Lindsay Porter knew she would eventually need a kidney transplant. She was 19 years old when her mother died from polycystic kidney disease -- a genetic condition that Porter had 50/50 odds of inheriting, and did.
"It didn't really affect me much until my early 30s," said Porter, an actress and mother living in Chicago. "And as I got into my 40s, my kidneys started getting very big with multiple cysts. They were huge."
Porter's kidneys weighed 16 pounds, causing an obvious bulge in her tiny frame.
"It was like two full-term babies inside me," she said, adding that people often mistook her for pregnant. "They had to be removed."
In May 2010, doctors removed Porter's overgrown and failing kidneys. Two months later, a friend gave her one of his. But it was no ordinary transplant. Along with the fist-size organ, doctors at Northwestern Memorial Hospital in Chicago transplanted bone marrow stem cells -- an experimental procedure they hoped would eliminate the need for anti-rejection drugs.
"These drugs are currently an absolute necessity, but they have a downside," said Dr. Joseph Leventhal, Porter's transplant surgeon at Northwestern Memorial Hospital and director of kidney and pancreas transplantation at Northwestern University Feinberg School of Medicine.
Anti-rejection drugs suppress the immune system, preventing it from attacking the donated organ like an infection. But suppressing the immune system makes the body vulnerable to infections and even cancer. And the drugs, which carry toxic side effects, can't ward off rejection forever. "Many individuals will still lose their transplants over time due to chronic rejection," said Leventhal.
To coax Porter's body into recognizing the new kidney as her own, Leventhal and colleagues wiped out part of her immune system and replaced it with the donor's. It took four days of chemotherapy, whole-body irradiation and a bone marrow transplant -- no walk in the park, according to Porter. But over time, the donor bone marrow stem cells gave rise to immune cells that accepted the kidney as if it was Porter's own -- a process called induced immune tolerance.
"At first I was taking 24 pills a day," said Porter, describing the "cocktail" of anti-rejection drugs needed to fend off an attack on her new kidney while the bone marrow stem cells were setting up shop. "And you really can't miss a dose. I had to set my cell phone alarm for every 12 hours every single day to remind me."
After six months, Porter started weaning herself off the drugs. And after a year, she no longer needed them at all.

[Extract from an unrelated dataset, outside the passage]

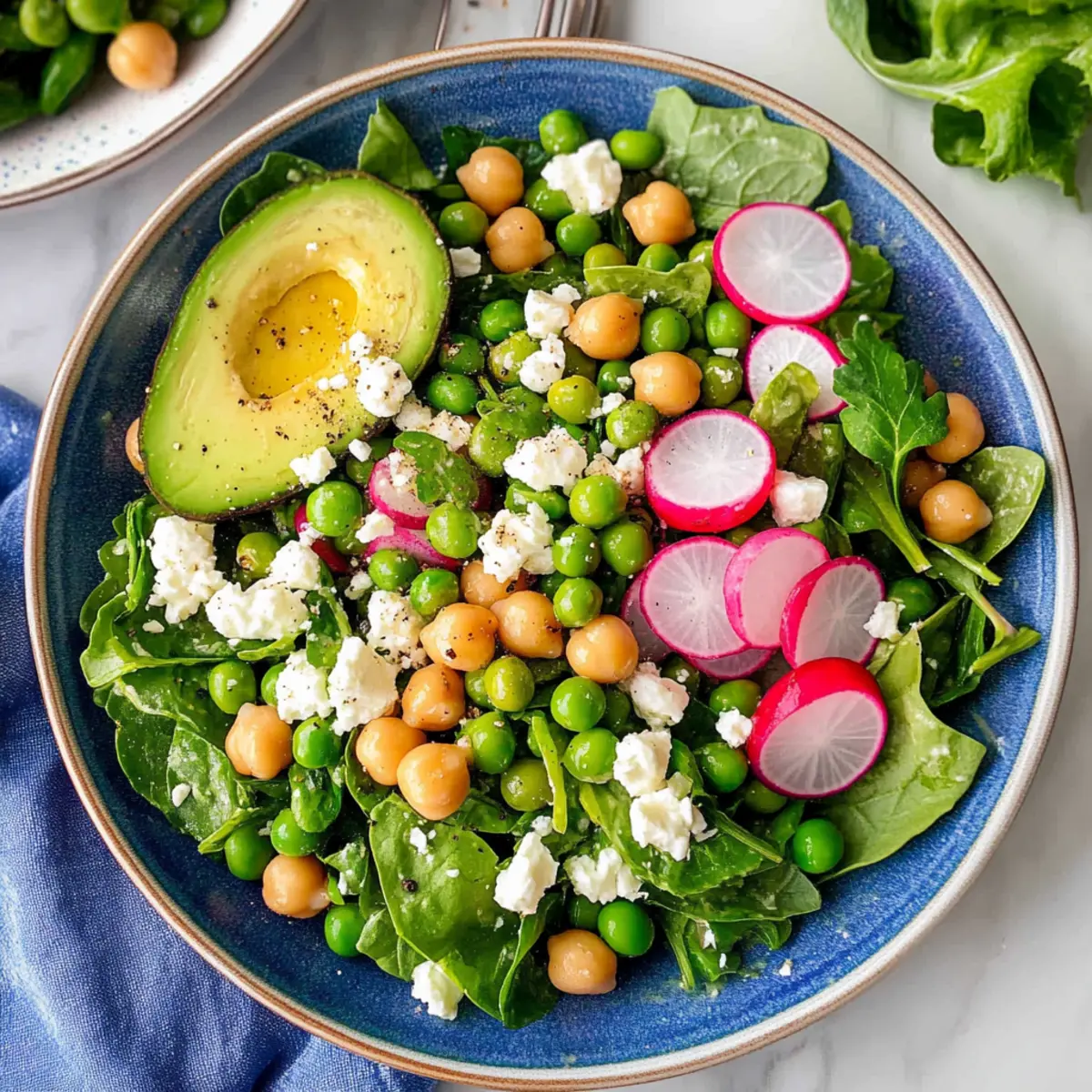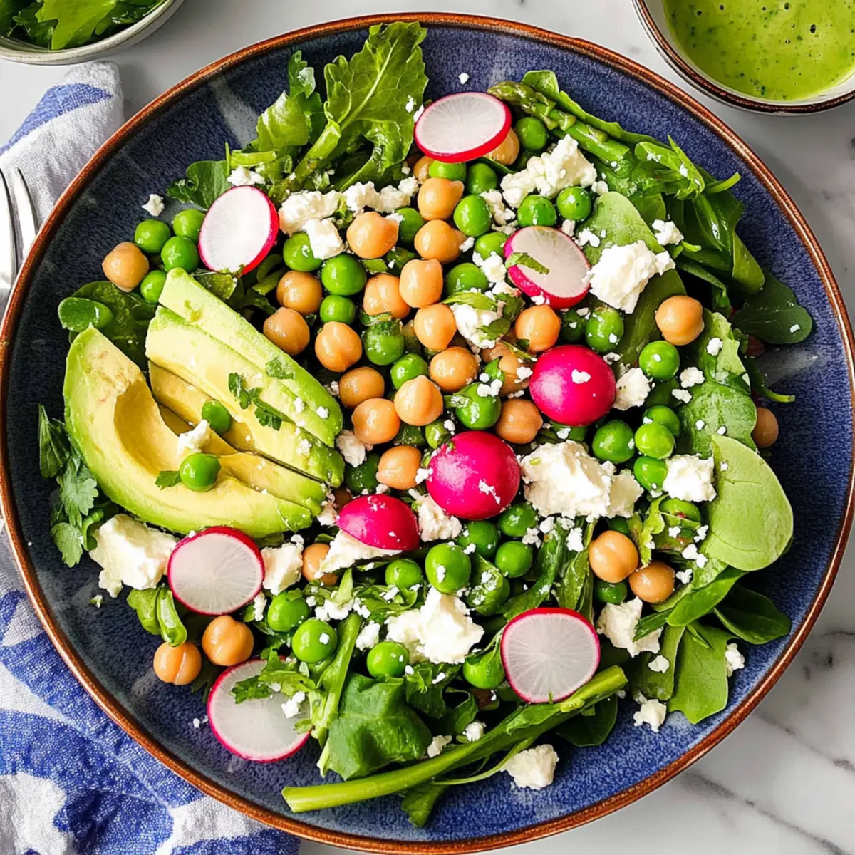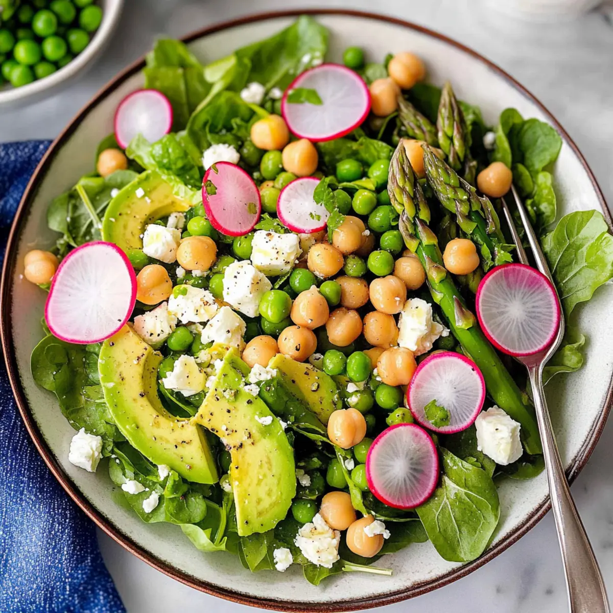 On a large platter, arrange a bed of salad greens, creating an inviting base for your bright spring salad. Layer the asparagus and peas mixture on top, followed by thinly sliced radishes, crumbled feta, diced avocado, toasted pistachios, and roasted chickpeas. This vibrant assembly showcases the colors and textures of spring.

"My life is totally transformed," she said. "It's like I never even had kidney disease, never even had the transplant. It's so easy to feel normal and forget it even happened."
Porter is one of eight patients who participated in the kidney transplant trial run jointly by Northwestern Memorial Hospital and the University of Louisville. Five of the patients, including Porter, now have chimeric immune systems consisting of their own immune cells and immune cells from their donor. They no longer need any anti-rejection drugs. Two patients had "transient chimerism," meaning it didn't last, but take half the anti-rejection drugs they would have needed without the stem cell transplant. One patient had complications from the transplant.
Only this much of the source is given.